Threat actors are exploiting the massive business disruption from CrowdStrike’s glitchy update on Friday to target companies with data wipers and remote access tools.
As businesses are looking for assistance to fix affected Windows hosts, researchers and government agencies have spotted an increase in phishing emails trying to take advantage of the situation.
Official channel communication
In an update today, CrowdStrike says it “is actively assisting customers” impacted by the recent content update that crashed millions of Windows hosts worldwide.
The company advises customers to verify that they communicate with legitimate representatives through official channels since “adversaries and bad actors will try to exploit events like this.”
“I encourage everyone to remain vigilant and ensure that you’re engaging with official CrowdStrike representatives. Our blog and technical support will continue to be the official channels for the latest updates” – George Kurtz, CrowdStrike CEO
The U.K. National Cyber Security Center (NCSC) also warned that it observed an increase in phishing messages aiming to take advantage of the outage.
Automated malware analysis platform AnyRun noticed “an increase in attempts at impersonating CrowdStrike that can potentially lead to phishing” [1, 2, 3].
Malware cloaked as fixes and updates
On Saturday, cybersecurity researcher g0njxa first reported a malware campaign targeting BBVA bank customers that offered a fake CrowdStrike Hotfix update that installs the Remcos RAT.
The fake hotfix was promoted through a phishing site, portalintranetgrupobbva[.]com, which pretended to be a BBVA Intranet portal.
Enclosed in the malicious archive are instructions telling employees and partners to install the update to avoid errors when connecting to the company’s internal network.
“Mandatory update to avoid connection and synchronization errors to the company’s internal network,” reads the ‘instrucciones.txt’ file in Spanish.
AnyRun, who also tweeted about the same campaign, said that the fake hotfix delivers HijackLoader, which then drops the Remcos remote access tool on the infected system.
In another warning, AnyRun announced that attackers are distributing a data wiper under the pretense of delivering an update from CrowdStrike.
“It decimates the system by overwriting files with zero bytes and then reports it over #Telegram,” AnyRun says.
This campaign was claimed by the pro-Iranian hacktivist group Handala, who stated on Twitter that they impersonated CrowdStrike in emails to Israeli companies to distribute the data wiper.
The threat actors impersonated CrowdStrike by sending emails from the domain’ crowdstrike.com.vc,’ telling customers that a tool was created to bring Windows systems back online.
The emails include a PDF seen by BleepingComputer that contains further instructions on running the fake update, as well as a link to download a malicious ZIP archive from a file hosting service.

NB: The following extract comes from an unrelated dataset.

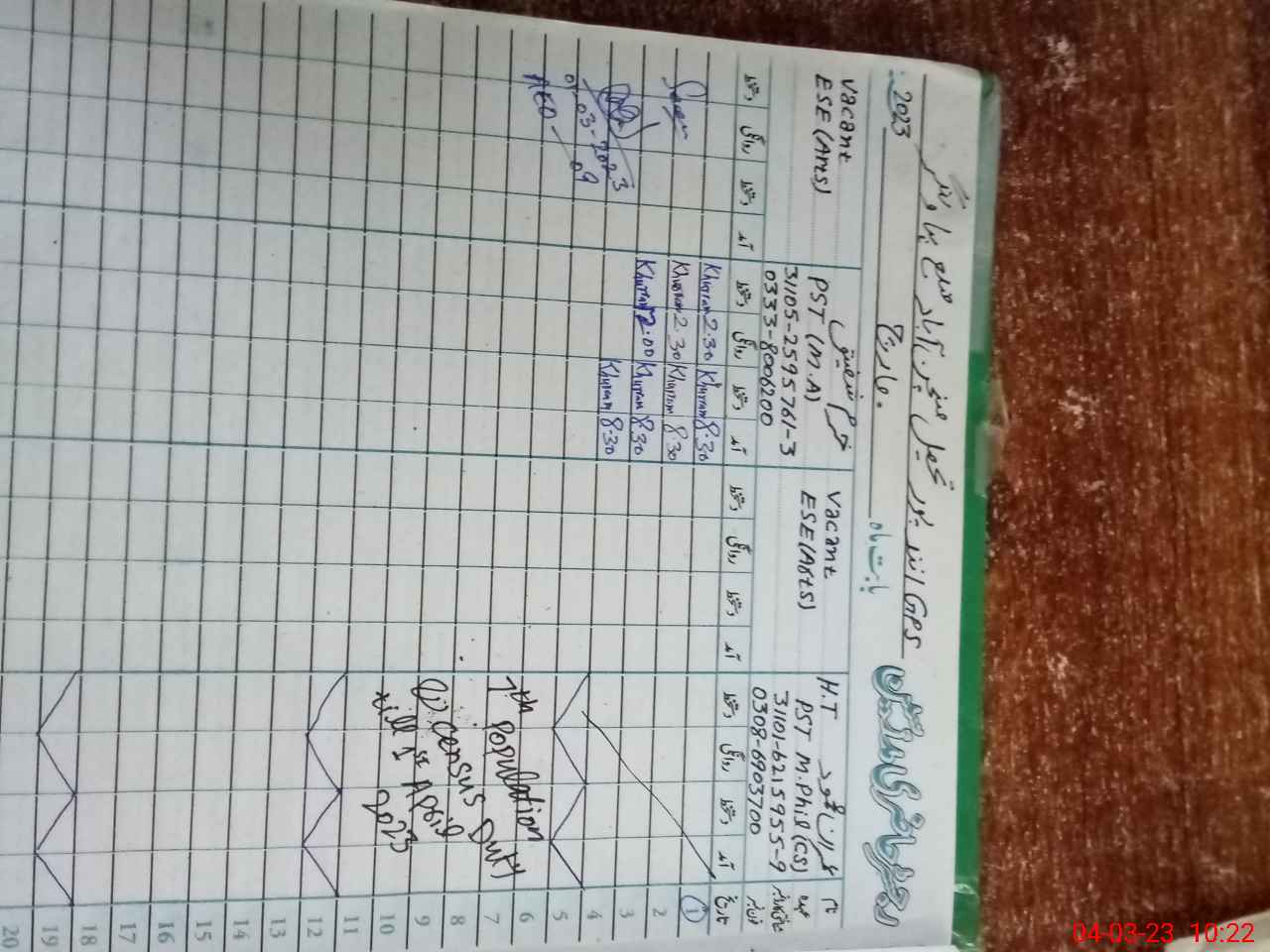 | Name: Im**** Me**** Designation: (School Headmaster's/Headmistress's) PST Phone/Cell Number: 03**** |

This zip file contains an executable named ‘Crowdstrike.exe.’
Once the fake CrowdStrike update is executed, the data wiper is extracted to a folder under %Temp% and launched to destroy data stored on the device.
Millions of Windows hosts crashed
The defect in CrowdStrike’s software update had a massive impact on Windows systems at numerous organizations, making it too good an opportunity for cybercriminals to pass.
According to Microsoft, the faulty update “affected 8.5 million Windows devices, or less than one percent of all Windows machines.”
The damage happened in 78 minutes, between 04:09 UTC and 05:27 UTC.
Despite the low percentage of affected systems and CrowdStrike’s effort to correct the issue quickly, the impact was huge.
Computer crashes led to thousands of flights being canceled, disrupted activity at financial companies, brought down hospitals, media organizations, railways, and even impacted emergency services.
In a post-mortem blog post on Saturday, CrowdStrike explains that the cause of the outage was a channel file (sensor configuration) update to Windows hosts (version 7.11 and above) that triggered a logic error leading to a crash.
While the channel file responsible for the crashes has been identified and no longer causes problems, companies that still struggle to restore systems to normal operations can follow CrowdStrike’s instructions to recover individual hosts, BitLocker Keys, and cloud-based environments.